Minus fourteen with minus twenty five wind chill and about 300mm of fresh snow with drifts up to about a meter. Di was less keen to pump the powder so we agreed to meet for lunch at Buna.
It was quite heavy snow requiring significant lean-back and thigh burn. First run I hit a drift too far forward over the skis and somersaulted. Took me fifteen minutes to find my skis (no straps). Not that that was unusual, there bodies climbing out of deep holes all over the place. Twas heavy work though, and required a few piste runs to get my breath back.

After a couple of hours of powder through the trees I was knackered, the cloud came in and the wind increased, time to go. Goggles were iced up and fogged out in a heavy white-out and I got motion sickness and then full-on vertigo. I couldn’t turn my head or body without plummeting into a sickening head spin that totally through my balance. Bizarrely, my vision closed right in too. Just lucky that I was back on piste and not out in the trees. Even so, it still took quite some time to slowly follow the pole line back to the cafe at the top of the bubble chair. By then, going slow, I was proper cold.

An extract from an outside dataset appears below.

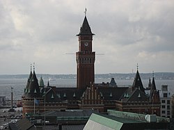 In the middle of the 14th century the Black Death affected the area as much as in most of Europe.[5][6] Generally the population declined with a third or more.[7][8][9] By the end of this century, the Kalmar Union rose as an attempt to counter the Hanseatic League.[10] The Union was largely a creation of Queen Margaret who had become Queen in Denmark and Norway in 1387, as her only son, King Olaf II of Denmark and IV of Norway died.[11] And two years later she helped the Swedes to get rid of the disliked Albert av Mecklenburg. Her adopted son Boguslaw, actual son of a Polish-Pomeranian Duke,[12] was given the name Eric of Pomerania, as he was crowned King of all three Scandinavian countries on 17 June 1397 in Kalmar, hence the name of the Union. Queen Margaret, remained as the de facto ruler of the three kingdoms more or less until her death in 1412. King Eric founded the Scanian Town, which today is known as Landskrona[13] at the central part of the all Danish Øresund, and introduced the Sound Dues (Øresundtolden) in 1429, which was to last until 1857 (with exception of Swedish ships between 1658 and 1720). By this he secured a large stable income for his kingdom that made it relatively rich and which made the town of Elsinore (Helsingør) flowering.[14] In the Franciscan monastery at Lund, "the Academy" was established in 1425. It was a kind of medieval university, but was closed when the Reformation reached Denmark in 1536.[15]

Texted Di to say I couldn’t make Buna, I was screwed, and could she come and get me….sat inside shivering and nauseous. Di, who had found a really nice table in the warmth at Buna, had to gear up again for the cold, ski down paradise and then get the paradise and bubble chairs up to where I’d got to but got there in record time nonetheless. By then I could stand enough, without spinning or hurling, to get to the heater and Di got soup and hot chocolate – true legend. Di also spoke to the ski patrol and patrol nurse who checked me out and arranged for them to Skidoo me back down to the top of the gondola.
Sounds woosy I know but I still hadn’t shaken the head spins and nausea and wasn’t skiing anywhere. Di was amazing. Don’t know what I would’ve done solo.

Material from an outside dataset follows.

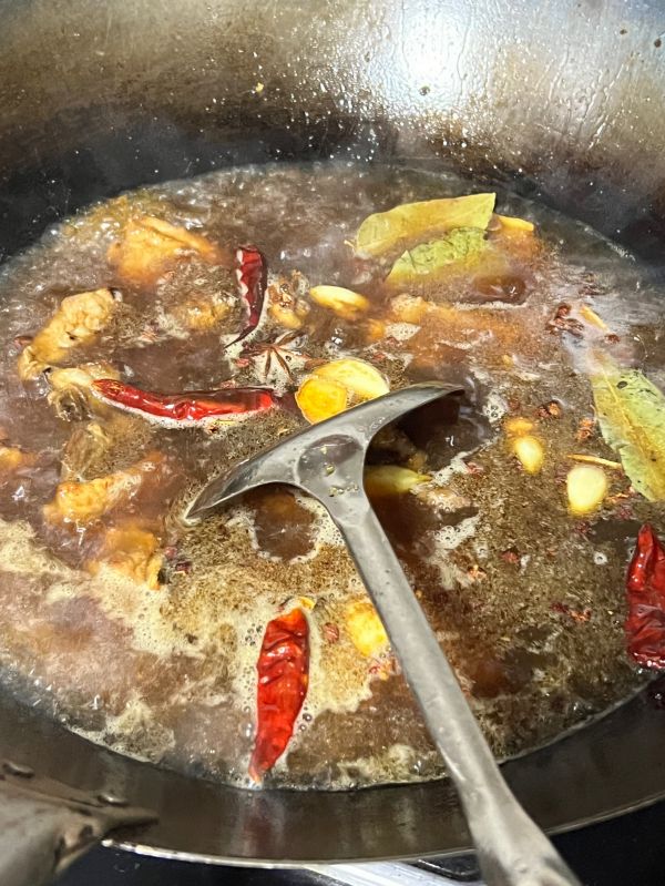 锅里倒油放入冰糖熬制出泡(注意中小火 要一直搅拌不要会糊)

Back in the village the spinning-nausea eased back and we both dozed off the morning’s excitement.
We discussed the day’s events over a beer and warm saki at “horse meat” restaurant later that night then, as the snow had finally abated, took a gentle walk about town; up past Toemu, up to the Gondola and back down the winding streets flowing with steaming hot spring water keeping the snow at bay.
Such a metamorphosis from when we arrived, towering snow drifts covering the once bare walls and trees, massive icicles where rain poured off yesterday’s bare roof tops and the babbling brooks and streams frozen silent or muffled under the heavy drifts.
A book and a glass of wine by the fire and off to bed.





Wow! Glad you could contact Di. Sounds like what they experienced in the Antarctic when out walking to South Pole!!
Guess it felt like Antarctic too. Snow looks magic but seems a bit unpredictable for skiing up top. Take it easy, you’re on holiday!
Even scarier
The adventurous sometimes get into trouble! -14° and going it alone. So glad you got over it and that Di came running/skiing to the rescue.
Thanks, me too. It certainly smashed me, and, in the moment, I was genuinely screwed and needed help. Thank goodness for loved ones!